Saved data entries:
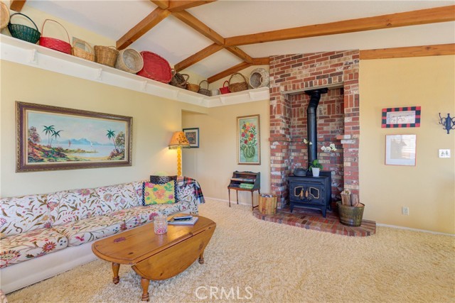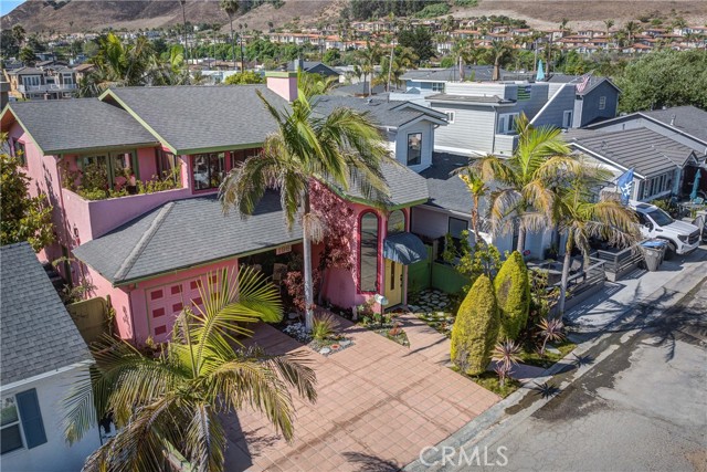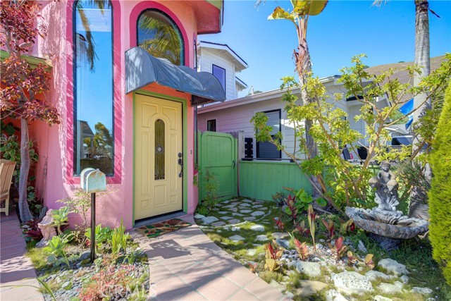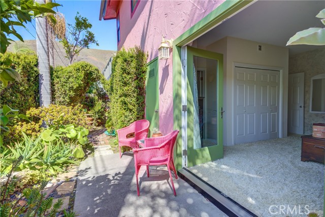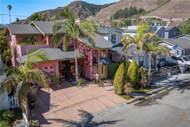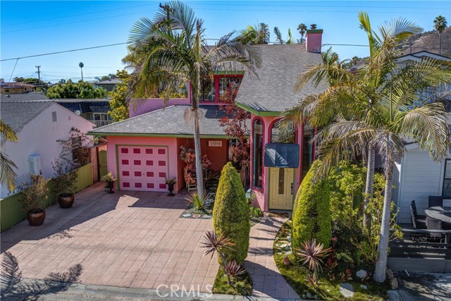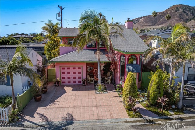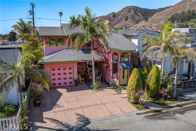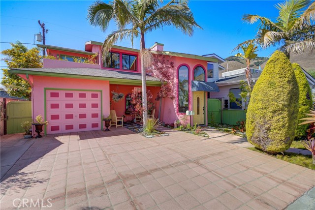 Enchanting Spanish Style Home in the Heart of Shell Beach Village. Charming throughout with new arched windows to bring in lots of natural light. Warm and wonderful with exposed wood beams in the living room and a cozy brick wood burning fireplace. Updated with a new forced air heater and new water heater. Welcome the ocean breeze from the new French doors in the dining room. The Delightful layout features a large master bedroom downstairs with new French doors that open to the glorious back garden. The spacious master bath has dual vanities. The lower guest room has a large walk-in closet. The upstairs bedroom is perfect for guests or use as an office. You will find indoor laundry and a one car garage. Plus, Bonus parking in the driveway. Relax in the peaceful and private, beautiful backyard or front courtyard. Watch the Pismo Beach 4th of July Fireworks from the deck and enjoy sensational Shell Beach sunsets every night. A short stroll to the cliffs and coastal Dining. This home is bursting with character and color. You will fall in love with this dreamy pink beach home.
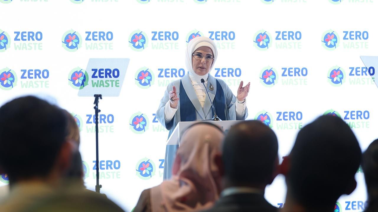 Emine Erdoğan, uygulamayı yaygınlaştırmak amacıyla başkanlığını yürüttüğü "Sıfır Atık Yüksek Düzeyli Şahsiyetler Danışma Kurulu"nun tesis edildiğini, ayrıca BM Genel Sekreteri Antonio Guterres ile dünyanın en kapsamlı uluslararası Sıfır Atık inisiyatifi olan Küresel Sıfır Atık İyi Niyet Beyanı'nı da sivil imzaya açtıklarını kaydetti.
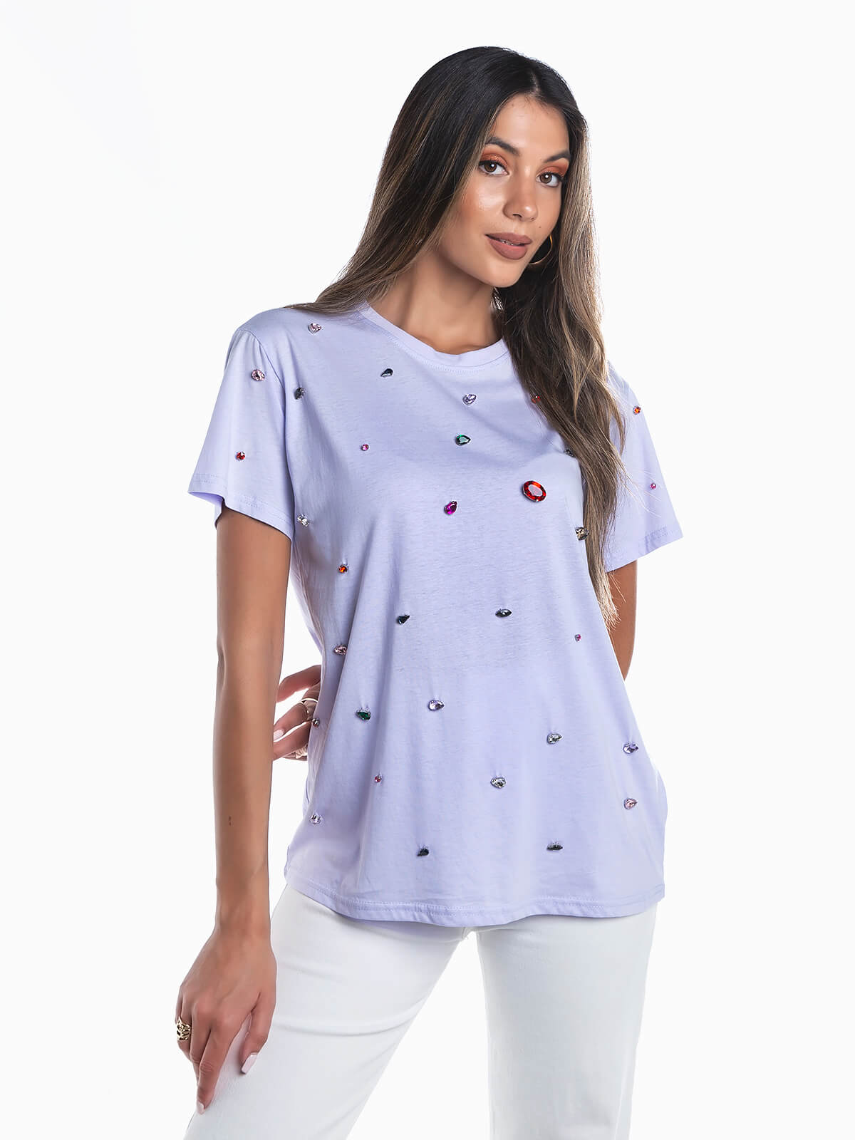 T-shirt de manga curta com jóias brilhantes aplicadas. T-shirt em tecido 100% algodão com decote redondo.
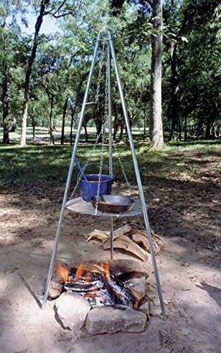 Product Description Versatile, go-anywhere cookout grill Heavy-duty 18? diameter chrome grill Sturdy chain-corded galvanized steel legs Clipped top plate to hold legs in place Fast and easy set-up and dismantles easily for compact storage Can also be used as a lantern hanger
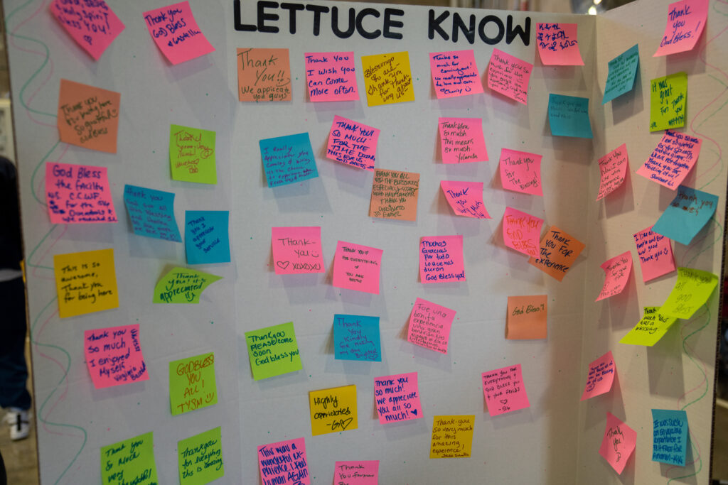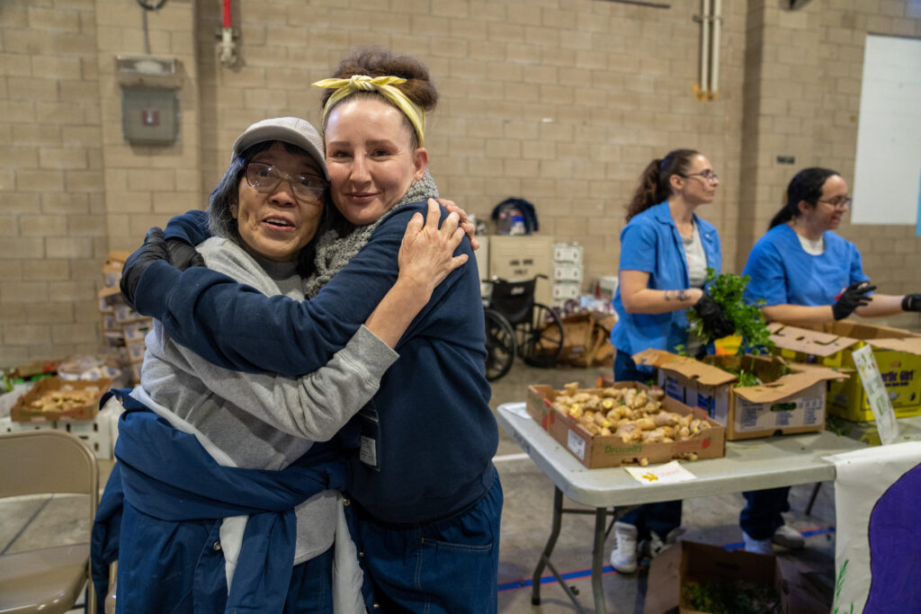 Despite this being the third market organized by Land Together, the gratitude of and impact on the residents was overwhelming. Resident Eileen Huber, who was arrested as a young adult, was in tears as she walked through and stopped at the different tables.
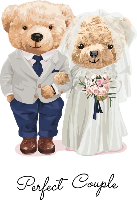 See allThis charming DTF transfer features two adorable teddy bears dressed as a bride and groom, celebrating enduring love. The groom teddy wears a smart grey suit with a navy tie, while the bride teddy is stunning in a white gown with a veil and a delicate pink and white floral bouquet. Below the happy couple, the elegant script "Perfect Couple" adds a romantic touch. This high-quality direct to film transfer is ready to press, bringing a sweet, commemorative vibe to any item. This heat press ready design is ideal for newlyweds, engaged couples, or anyone celebrating a significant anniversary. It makes a wonderful personalized gift for weddings, bridal showers, engagement parties, or Valentine's Day. Crafters and small business owners can also use this versatile iron on transfer to create custom apparel for clients, adding a unique and heartfelt touch to any celebration. Applying this apparel transfer is simple and requires no weeding. For best results, use a heat press at 300-325°F for 15 seconds with medium pressure. It adheres beautifully to a wide range of materials, including cotton, polyester, and various fabric blends. While a heat press is recommended, this durable heat transfer can also be applied with a household iron, offering flexibility for all users. Expect superior results with this professional-grade DTF transfer. Our transfers boast vibrant, true-to-color designs that are exceptionally crack-resistant and durable through countless washes. The print is incredibly soft to the touch, ensuring comfortable wear without a bulky feel. Made with premium DTF film and strong adhesive, this t-shirt transfer provides a long-lasting, high-quality finish for all your custom creations.

▶ [ACTIVITY] Repeat exactly, and only, the entries from the line with "Emine Erdoğan, uygulamayı" through the line with "T-shirt de manga". Pictures are skipped.

▶ [WRITTEN SOLUTION]
 Emine Erdoğan, uygulamayı yaygınlaştırmak amacıyla başkanlığını yürüttüğü "Sıfır Atık Yüksek Düzeyli Şahsiyetler Danışma Kurulu"nun tesis edildiğini, ayrıca BM Genel Sekreteri Antonio Guterres ile dünyanın en kapsamlı uluslararası Sıfır Atık inisiyatifi olan Küresel Sıfır Atık İyi Niyet Beyanı'nı da sivil imzaya açtıklarını kaydetti.
 T-shirt de manga curta com jóias brilhantes aplicadas. T-shirt em tecido 100% algodão com decote redondo.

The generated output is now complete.